TASK STATEMENT>
Would you transcribe the listing that follows, character for character, and omit its images?

------ DATA SECTION ------

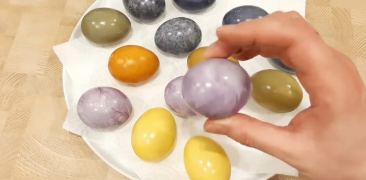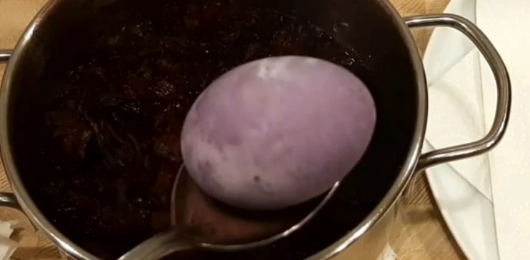 Поки яйце плаває в розчині, воно блідо-рожевого кольору. Дістаю яйця, і в міру випаровування вологи відтінок пофарбованого яйця стає красивого бузкового кольору. Акуратно промочую яйця серветкою.
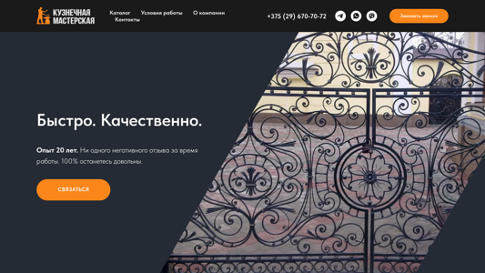 | AI-анализ | The website is a custom metalworking studio based in Minsk, Belarus, offering both forged and welded metal products for order. The main content of the site includes a catalog showcasing various types of metalwork such as saddlery, gates, fences, balconies, and furniture. Services include on-site measurement and delivery. The company boasts 20 years of experience and positive customer feedback. |
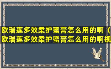 欧瑞莲多效柔护蜜膏怎么用的啊(欧瑞莲多效柔护蜜膏怎么用的啊视频)
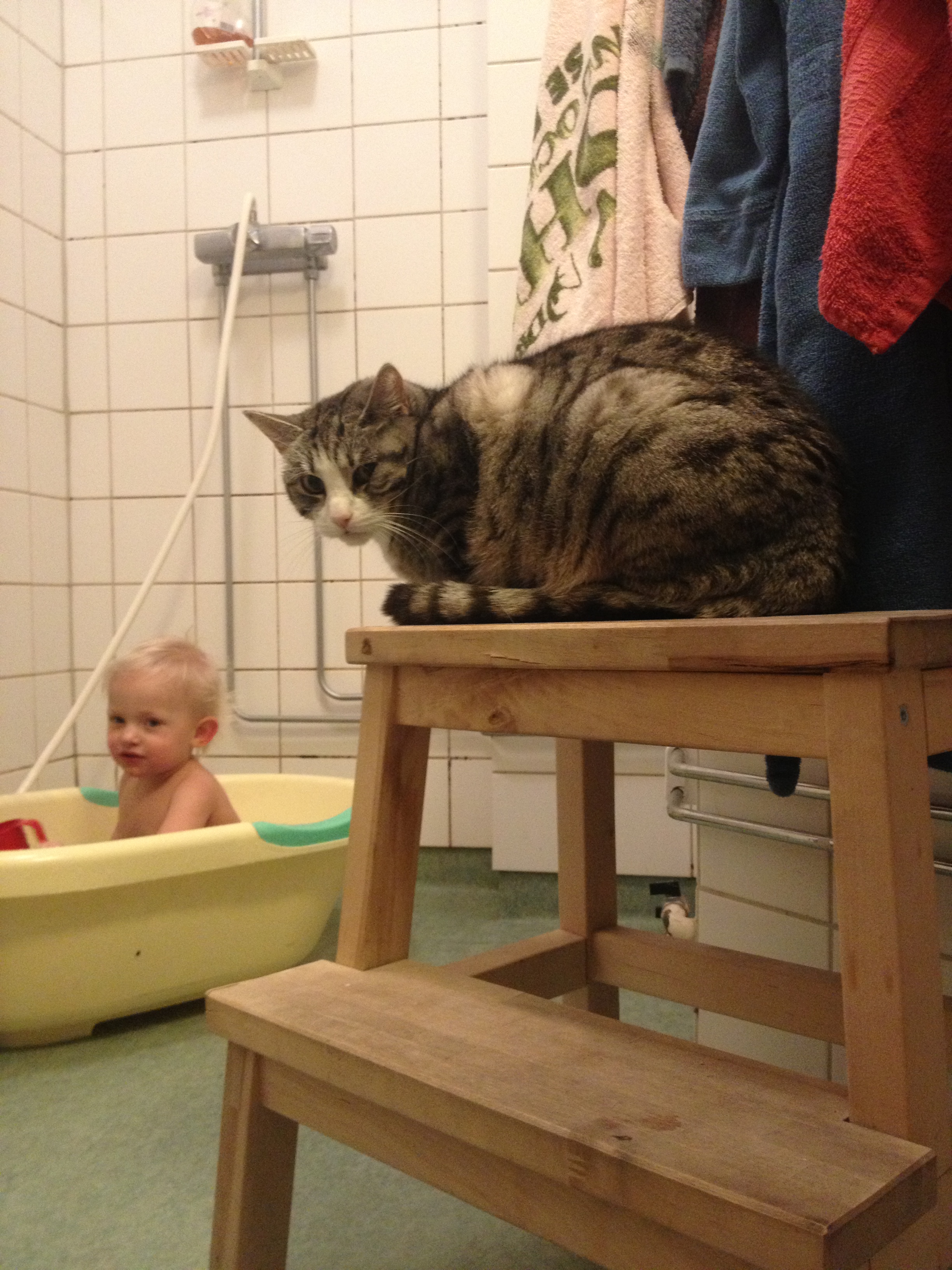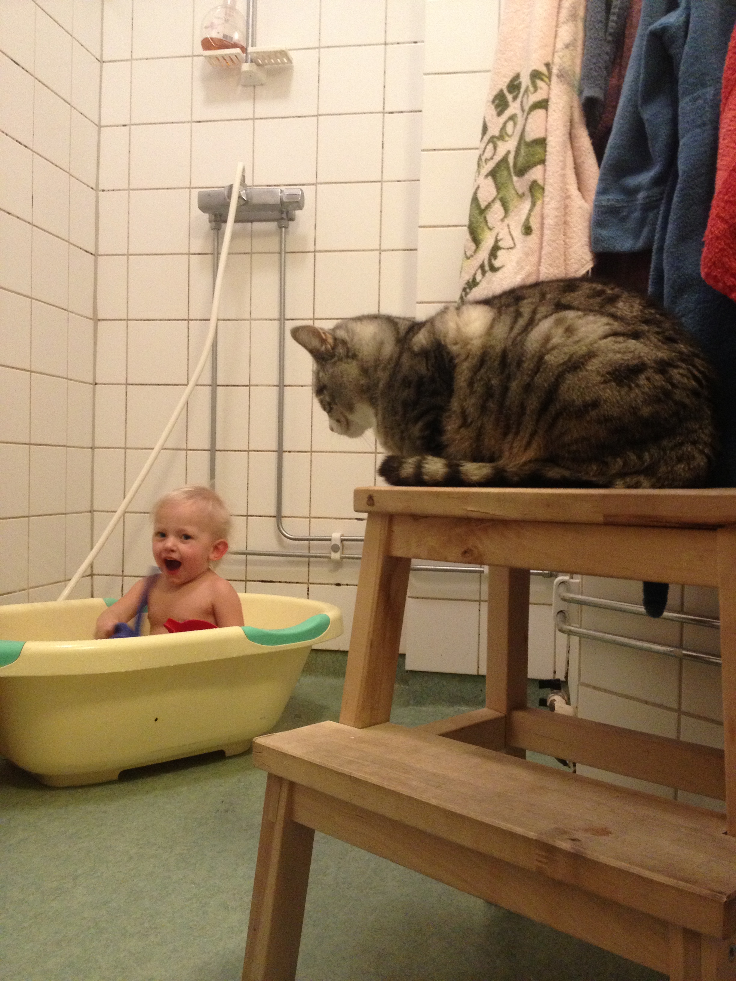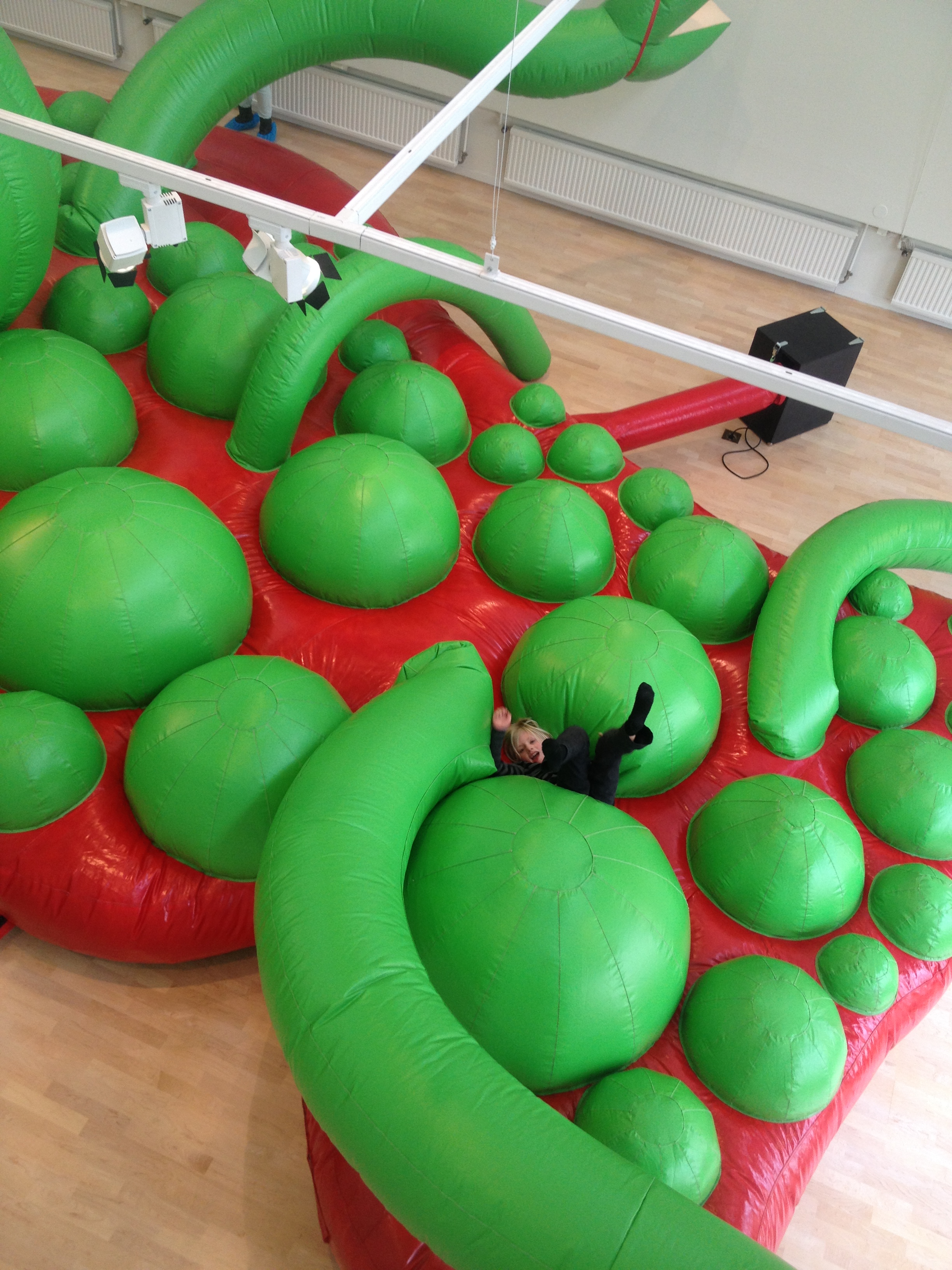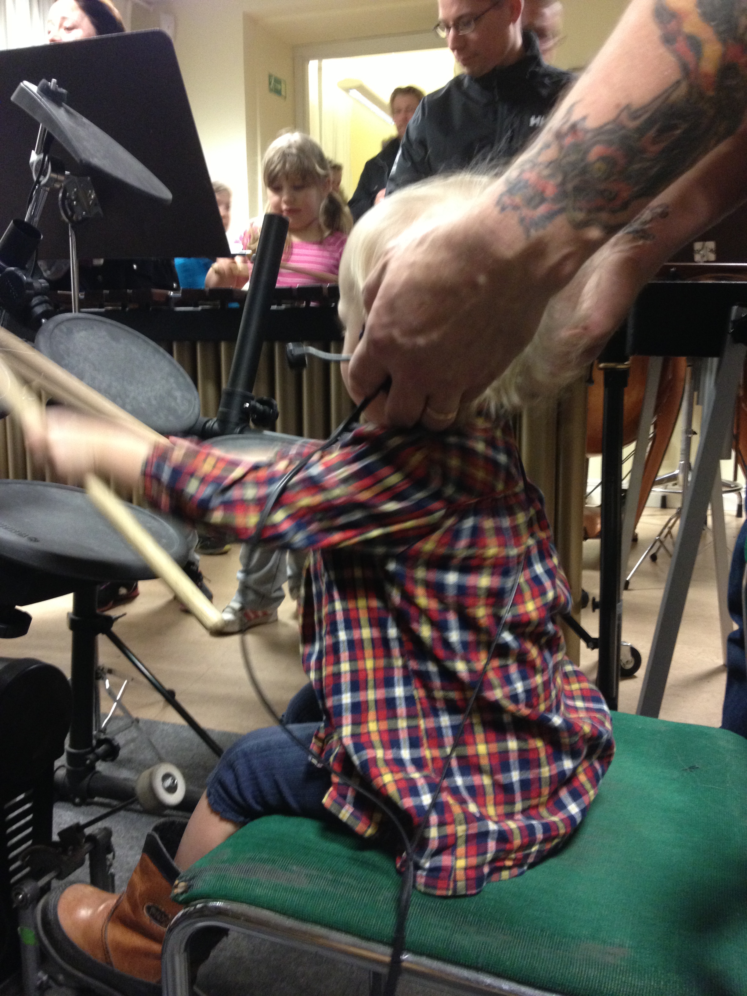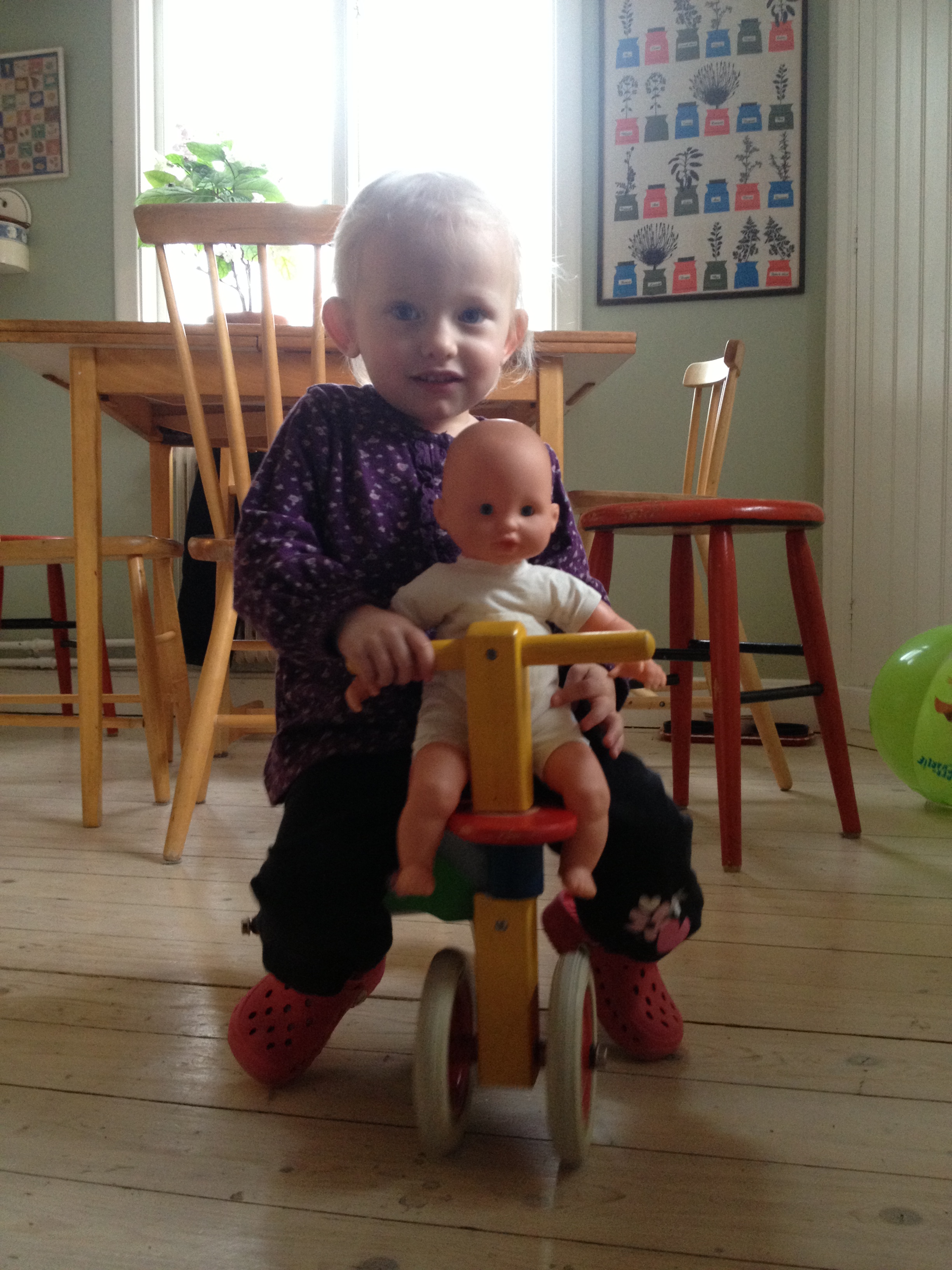 Med en ihoprullad egenritad teckning under armen, tackar Ella för sig, vinkar ivrigt och säger: ej då, till alla. Sedan följer hon i storebrors strumphälar ut till mycket små gummistövlar i kapprummet. Hon häktar ner jackan från kroken och stövlar raskt mot dörren. Nu väntar gymnastiken med dagiskompisar och föräldrar. Det är också ett äventyr.

------

OUTPUT OF THE TASK>
 Поки яйце плаває в розчині, воно блідо-рожевого кольору. Дістаю яйця, і в міру випаровування вологи відтінок пофарбованого яйця стає красивого бузкового кольору. Акуратно промочую яйця серветкою.
 | AI-анализ | The website is a custom metalworking studio based in Minsk, Belarus, offering both forged and welded metal products for order. The main content of the site includes a catalog showcasing various types of metalwork such as saddlery, gates, fences, balconies, and furniture. Services include on-site measurement and delivery. The company boasts 20 years of experience and positive customer feedback. |
 欧瑞莲多效柔护蜜膏怎么用的啊(欧瑞莲多效柔护蜜膏怎么用的啊视频)
 Med en ihoprullad egenritad teckning under armen, tackar Ella för sig, vinkar ivrigt och säger: ej då, till alla. Sedan följer hon i storebrors strumphälar ut till mycket små gummistövlar i kapprummet. Hon häktar ner jackan från kroken och stövlar raskt mot dörren. Nu väntar gymnastiken med dagiskompisar och föräldrar. Det är också ett äventyr.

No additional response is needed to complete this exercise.